- **AIM OF THE TASK**
Starting from the line with "Our location features", please copy exactly every line to the end of the listing, but not the pictures.
-------- INFORMATION PROVIDED
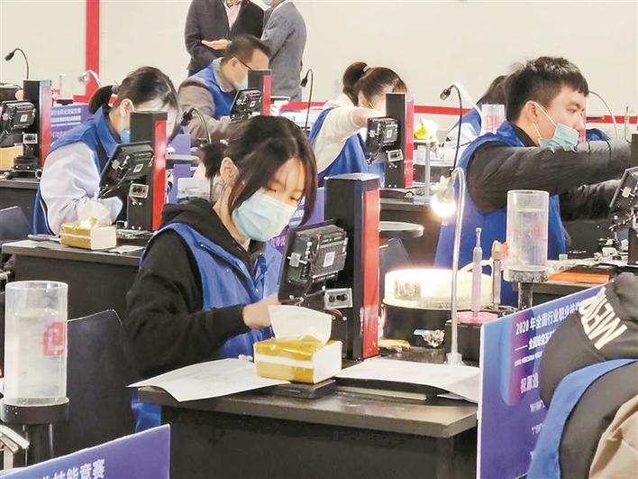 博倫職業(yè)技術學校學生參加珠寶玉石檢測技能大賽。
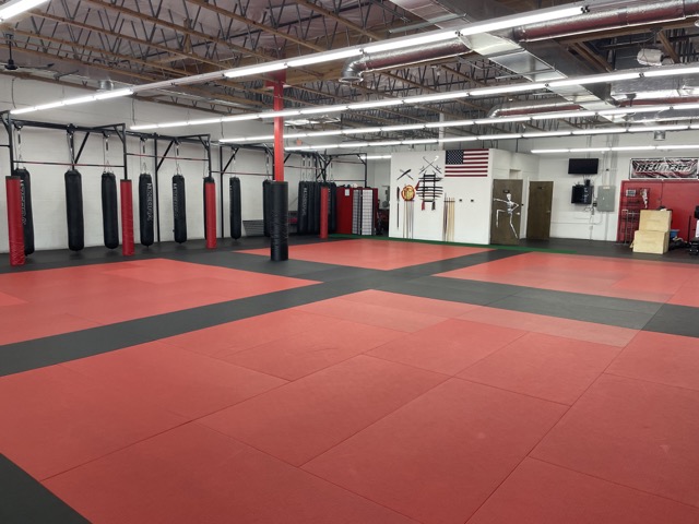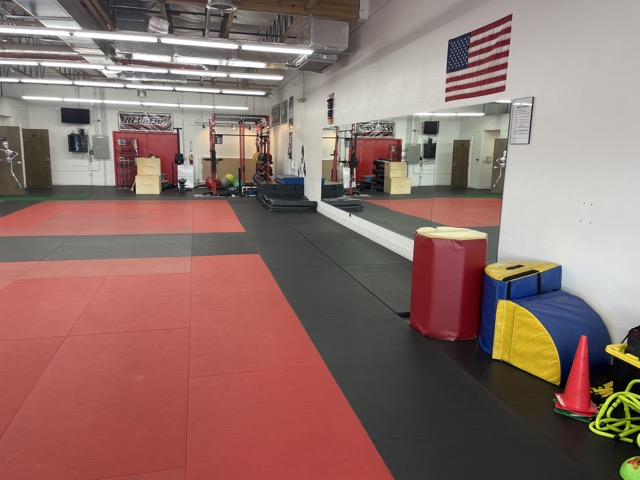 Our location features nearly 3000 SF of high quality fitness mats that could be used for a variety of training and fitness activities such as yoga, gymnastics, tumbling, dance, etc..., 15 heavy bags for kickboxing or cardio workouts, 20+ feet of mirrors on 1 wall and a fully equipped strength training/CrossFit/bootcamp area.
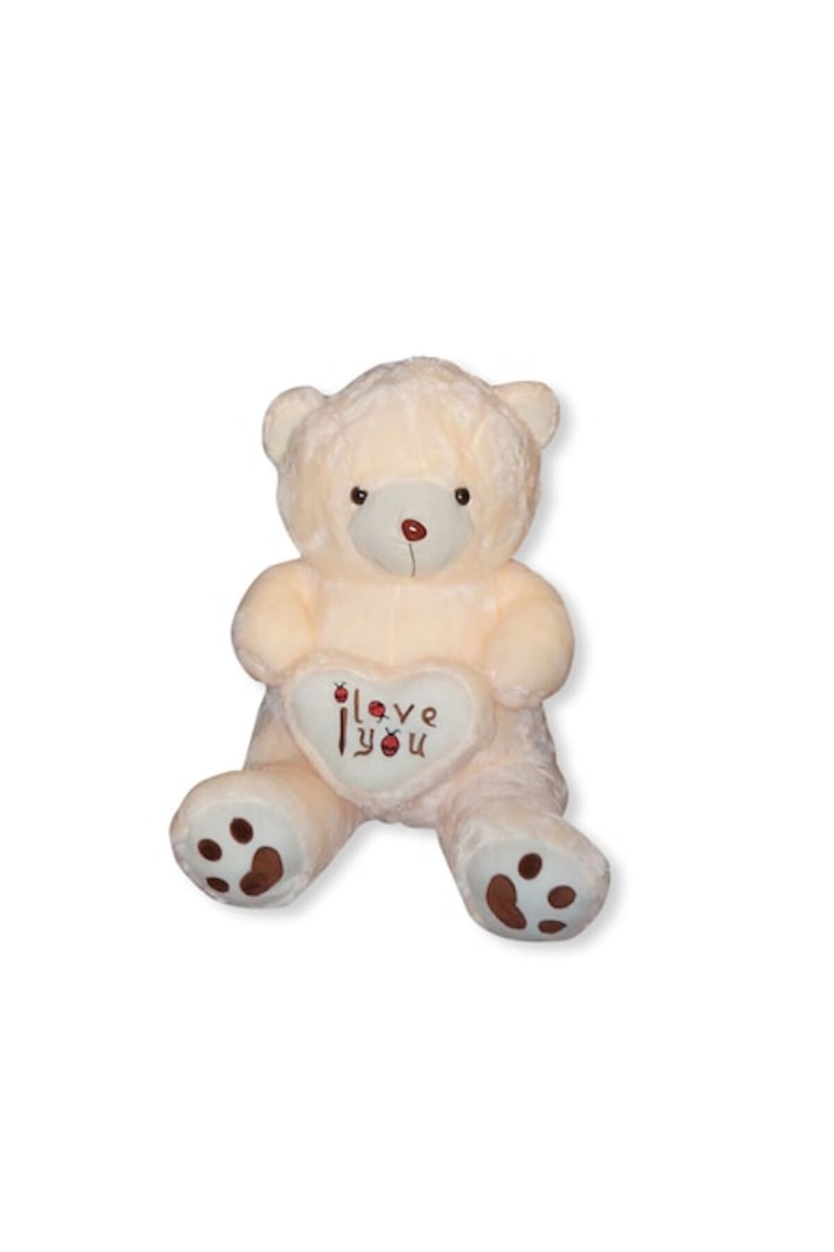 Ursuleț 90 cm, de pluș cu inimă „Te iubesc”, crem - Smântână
----------------
- **ANSWER SECTION**
 Our location features nearly 3000 SF of high quality fitness mats that could be used for a variety of training and fitness activities such as yoga, gymnastics, tumbling, dance, etc..., 15 heavy bags for kickboxing or cardio workouts, 20+ feet of mirrors on 1 wall and a fully equipped strength training/CrossFit/bootcamp area.
 Ursuleț 90 cm, de pluș cu inimă „Te iubesc”, crem - Smântână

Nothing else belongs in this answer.